> [TASK GOAL] Any picture must be dropped, but each line of the data should be duplicated exactly.

> [DATA IN THIS EXERCISE]
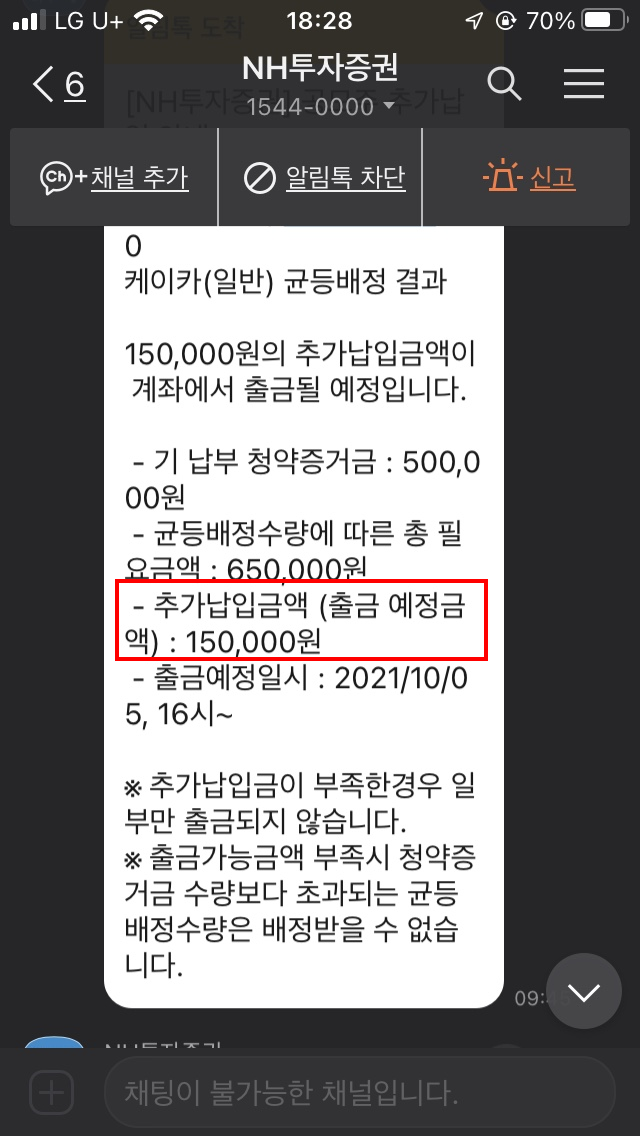 주제로 돌아와서 위 사진처럼 균등 혹은 비례 배분으로 내가 입금한 증거금 이상으로 주식이 배정되면 그 가격 차이만큼 추가 입금이 필요합니다. 여기서 만약 입금하지 않으면 추가 배정된 주식은 받지 못하게 되고 다른 사람에게 돌아가게 됩니다.
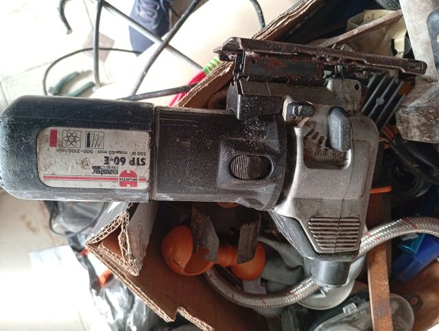Detalles del productoCaladora profesional wurth stp 60 e,está usada pero funciona perfectamente,la doy con una sierra nueva,la pieza manual para cambiar la sierra está rota pero con cualquier alicate se gira sin problema y se cambia,lleva así varios años y no hay problema para cambiar la hoja,es profesional no de bricolaje,base soldada en ángulo cero para que no se mueva.
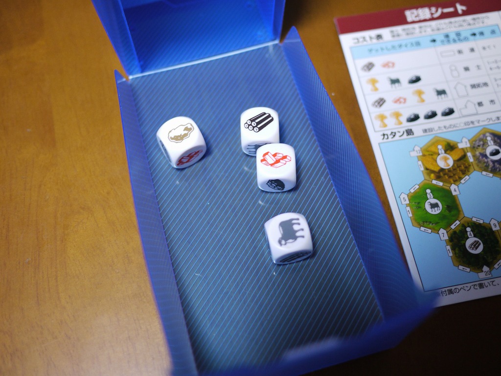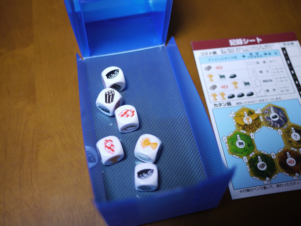 さて、ジーピー社が国内版を出してくれたおかげで、容易にに安く手に入るダイスゲーム:カタンダイスを遊んでみましょう。
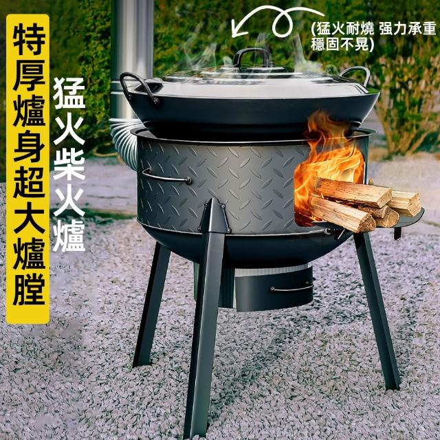 XINGMU 興沐花紋鋼柴火爐/含煙囪 露營野炊烤肉爐 戶外煮飯燒水 便攜可拆腳 多鍋圈支援|露營必備/野炊/烤肉
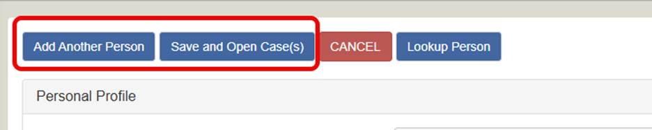 Step 5: Once the information is added to create the profile or if the profile is loaded from an existing profile, you will have an option to add other people or save and open the case if there are no other profiles or people to add to the case.

> [SOLUTION TO THE EXERCISE]
 주제로 돌아와서 위 사진처럼 균등 혹은 비례 배분으로 내가 입금한 증거금 이상으로 주식이 배정되면 그 가격 차이만큼 추가 입금이 필요합니다. 여기서 만약 입금하지 않으면 추가 배정된 주식은 받지 못하게 되고 다른 사람에게 돌아가게 됩니다.
Detalles del productoCaladora profesional wurth stp 60 e,está usada pero funciona perfectamente,la doy con una sierra nueva,la pieza manual para cambiar la sierra está rota pero con cualquier alicate se gira sin problema y se cambia,lleva así varios años y no hay problema para cambiar la hoja,es profesional no de bricolaje,base soldada en ángulo cero para que no se mueva.
 さて、ジーピー社が国内版を出してくれたおかげで、容易にに安く手に入るダイスゲーム:カタンダイスを遊んでみましょう。
 XINGMU 興沐花紋鋼柴火爐/含煙囪 露營野炊烤肉爐 戶外煮飯燒水 便攜可拆腳 多鍋圈支援|露營必備/野炊/烤肉
 Step 5: Once the information is added to create the profile or if the profile is loaded from an existing profile, you will have an option to add other people or save and open the case if there are no other profiles or people to add to the case.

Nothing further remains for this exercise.